Arguing, as climate activist Greta Thunberg did it in a tweet Earlier this month, nuclear power could never be considered “green,” an implicit sign that your fear of nuclear power trumps your fear of climate change. If this becomes the norm, the climate will pay a price.

Fortunately, this fear is losing some of its appeal in other parts of Europe and around the world. Thunberg’s tweet was in response to the European Parliament’s decision to label investments in nuclear power plants as well as low-carbon natural gas as “climate-friendly”. Unlike Germany, Belgium has decided to keep two reactors scheduled to close, while France has announced plans to build as many as 14 new reactors. Even in Japan, which suffered its worst nuclear accident since Chernobyl, support for restarting and expanding nuclear power is growing.

Meanwhile, in the U.S., the Biden administration is spending billions to subsidize existing factories, while states like New York and even California are seeking to keep factories that were scheduled to close.

However, for nuclear power to do more than gain a foothold, it also needs to overcome existing safety concerns and larger cost concerns. A new report from the Breakthrough Institute, an energy and environment think-tank, predicts that in the medium term, a major investment in advanced nuclear reactors – which could be smaller and more cost-effective than existing nuclear plants – could generate as much as half of the U.S. clean electricity generation – century and a great complement to growing renewable energy sources.

Better nuclear energy could also play an important role in another less-appreciated challenge: achieving energy abundance. Since the mid-1970s, per capita energy consumption in the United States has remained largely stable or even declined, a product of the shift toward conservation and efficiency. As long as our energy mix is ​​dominated by fossil fuels – which despite significant progress in renewables still is – that’s a good thing.

But some experts have linked slow productivity growth over the past few decades to stagnant energy consumption. When we incorporate energy consumption into our diets, it’s no surprise that productivity and economic growth follow.

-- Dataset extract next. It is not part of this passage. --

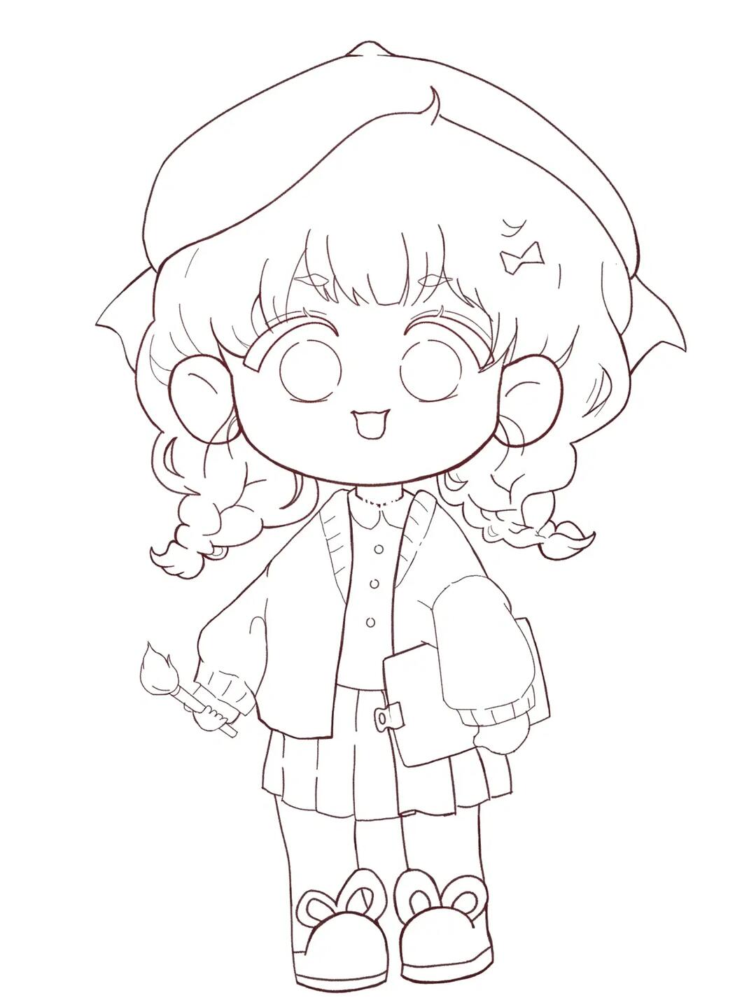 线稿#漫画卡通人物绘画 平面 灵感 素材 二次元 高清白底大图

If we can separate energy consumption from carbon emissions and other environmental externalities, we can carve a path to true abundance. Vertical farming, large-scale desalination, direct carbon air capture – they will all become more viable if we have truly low or zero carbon energy, as nuclear was once touted by some, “too cheap to measure” “. Achieving this future — tackling climate change while providing enough energy for all our needs — will require better, broader nuclear power, and policies to accelerate the development of clean energy of all kinds.

Existential threats require survival responses.If that’s how you look at climate change, there’s no excuse Give up a viable option – nuclear power is clearly the option.